Q: What’s special about the North Sentinel Islanders?

A: They are the only Andamanese group that is today still as isolated as all the Andamanese were in the past. That they live on a coral-fringed island in stormy waters has protected them until now from those do-gooders who would “bring them into the mainstream of Indian society,” as the nationalist phrase has it. For just what this expression means in reality, the Jarawa situation provides an all too clear illustration.

Q: Is their future safe?

A: “Missions of friendship” to the Sentineli have started only a few years ago. Just as with the Jarawa, most were junkets for visiting VIPs, camouflaged by being called “scientific.” They were hurriedly aborted after the Jarawa catastrophe burst over the guilty administrators at Port Blair, the main city of the Andamans. At the moment, the Sentineli are left alone again and all development plans have been put on ice. May they long remain there.
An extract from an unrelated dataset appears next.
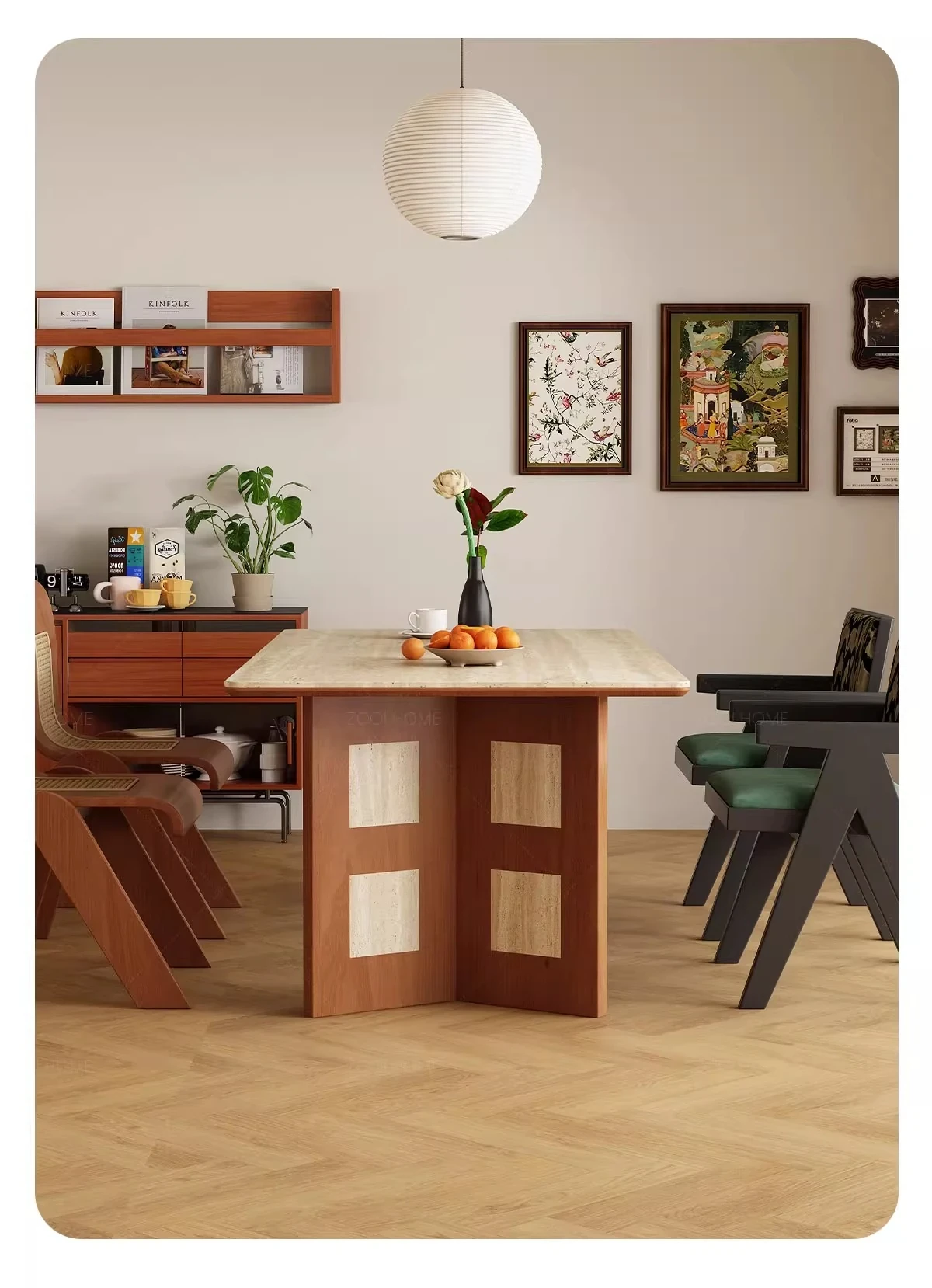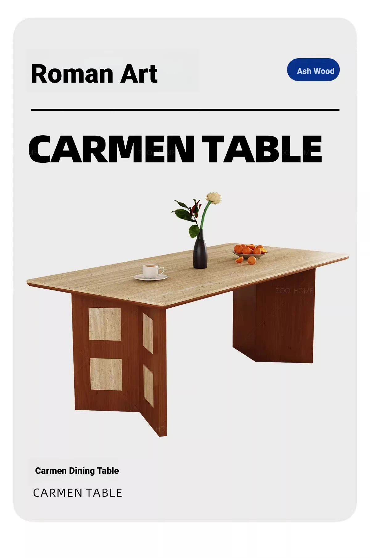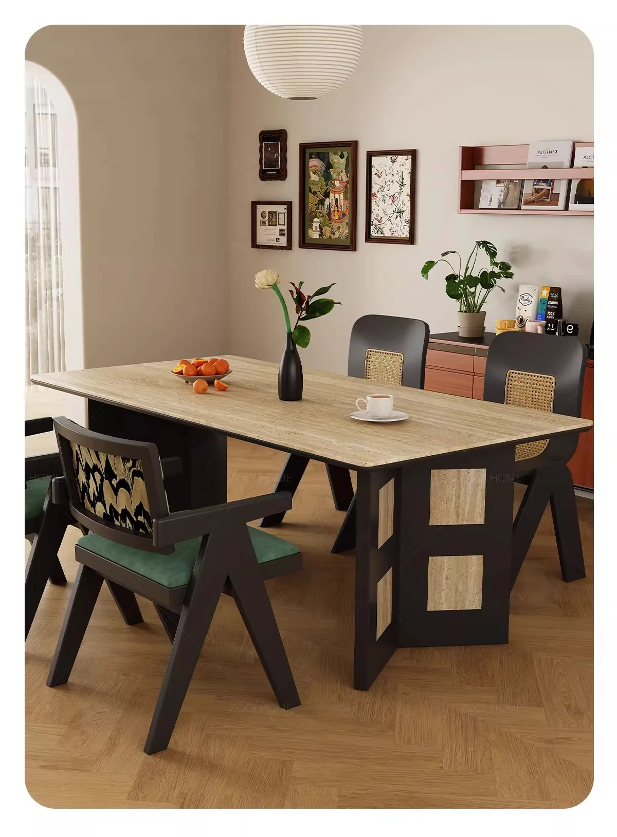 Vintage Style Stone Dining Table - Rectangular Ash Wood with Bauhaus Design by Kamen - Perfect for Home Use - Elegant Retro Furniture Set for Dining Room

These little people don’t have chimp-sized brains like the extinct Flores Islander species announced yesterday. They are modern humans, just like you and me, except they have practically no immunities to the rest of the world’s germs. You would think that 1% of the attention given to the preservation from extinction of pandas or the Florida panther or whatever would be given to helping save our fellow humans, but, no, human biodiversity conservation is not on anybody’s agenda today. See, if you say it’s important to preserve human biodiversity, then you have to admit human biodiversity exists, and that’s a no-no.